The two works by Salvador Dalí –Remorse, or Sphinx Embedded in the Sand, 1931 and The Transparent Simulacrum of the Feigned Image, 1938– and another one by Frida Kahlo (Self-Portrait with Monkey, 1938), are on display at Detroit Institute of Arts, accompanied by photographic portraits of the two artists and located adjacent to Diego Rivera’s Detroit Industry murals (1932–33). The exhibition explores how the two iconic artists produced their own forms of expression –Kahlo’s contribution to female self-portraiture and Dalí’s engagement with illusionistic image– creating surrealist worlds of subjectivity, myth, dream, mirage and magic.
Remorse, or Sphinx Embedded in the Sand
The Sphinx, a prominent mythological figure in Egyptian, Asian, and Greek mythology, combines the body of a lion, the tail of a serpent, the wings of an eagle and the head of a women. In this painting, however, it is endowed with –according to Dalí’s autobiography– only two of his “most active fetishes”: a shoe and a glass of warm milk. The long shadow cast by the Sphinx leads the eye to cliffs that look very similar to those found on Cap de Norfeu near Cadaqués, Spain, where Dalí spent his childhood summers. It is signed “Olive Salvador Dali” in affection for his new love Gala, whom he occasionally nicknamed “Olive” on account of her skin color.

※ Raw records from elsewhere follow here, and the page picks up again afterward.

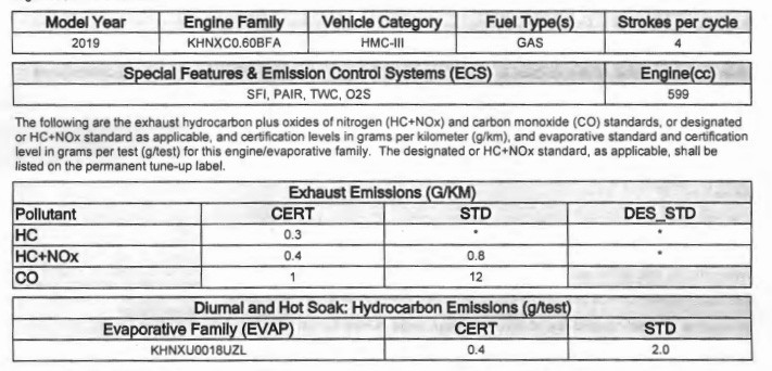 If you compare both the CARB documents of year 2018 and 2019.The exhaust gas values are the same. So there is no change except color. I feel like that in the US as it is in the 2019 model.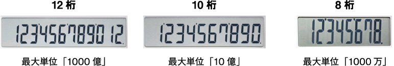 現在、電卓で一般的な桁数はこちらの3種類。日常の計算レベルなら8桁でも十分ですが、ビジネスシーンなどでも使用される可能性のある方には10桁以上がおすすめです。 一方で液晶サイズが同じ場合は上記のように桁数の少ないほうが数字が大きく表示されるメリットもあります。桁数の多い電卓を選ばれる場合は、液晶の大きさも意識しましょう。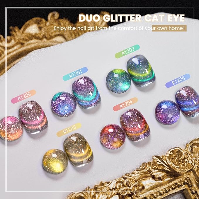 - CHAMELEON CAT EYE EFFECT:9d multi color glitter cat eye gel nail polish looks with 6 vibrant shades (red,pink,purple,orange,blue,green) that create a shimmering, multi dimensional galaxy effect under light. Made with magnetic cateye shimmers pigments,our new shades create optical nail-lusions that move with every angle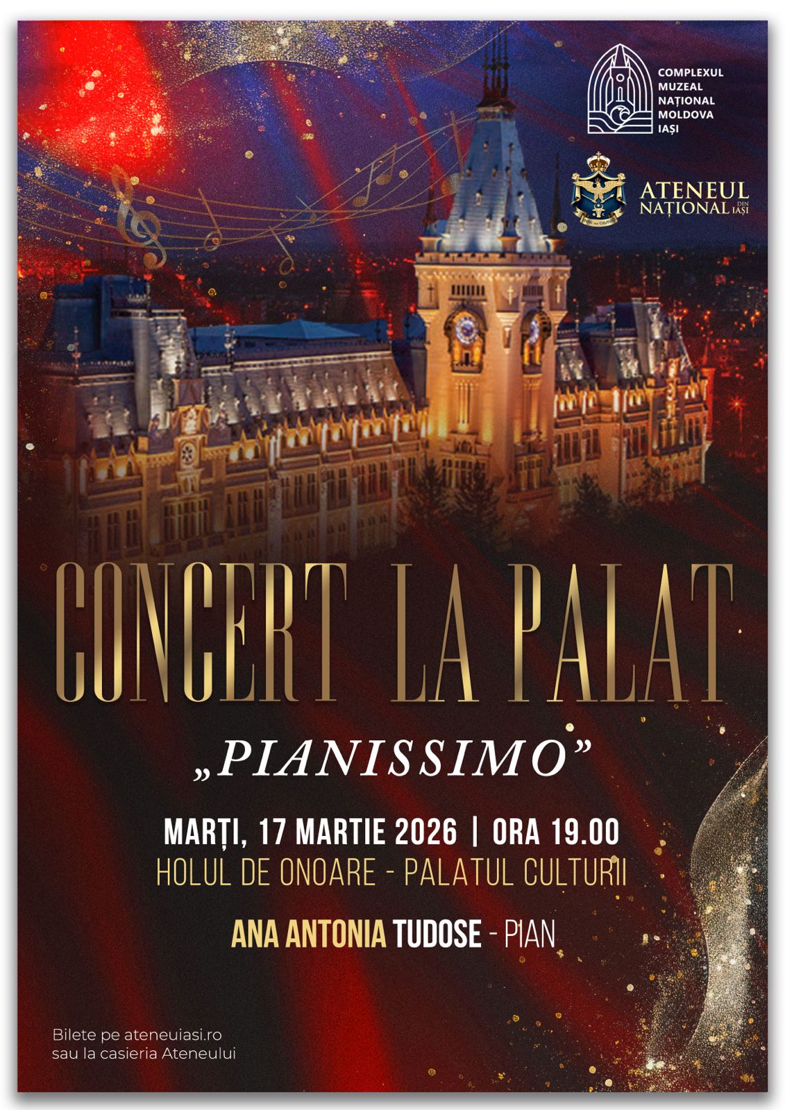 Evenimentul va avea loc marți, 17 martie 2026, de la ora 19.00, în Holul de Onoare al Palatului Culturii.

The Transparent Simulacrum of the Feigned Image
The Surrealist movement highlighted the importance of the subconscious and the imagination. In the early 1930’s Dalí pioneered what he called the “paranoic-critical method” of painting, a way of making irrational images from the dreams to look real. The title of this painting is almost a warning against trying to rationally explain its imagery: “The Transparent (see-through) Simulacrum (a semblance of something) of the Feigned (not real) Image (a reproduction of something or a picture in the mind).” The table, on which rests a napkin and a bowl of food, can also be seen as a landscape in which the bowl becomes a bay and the contents appear to be distant mountains. The head floating on the right side is that of Gala, his inspirational muse. It is also signed with both of their names.
The DIA will reopen to members and tri-county residents on July 10, and to all visitors on July 15.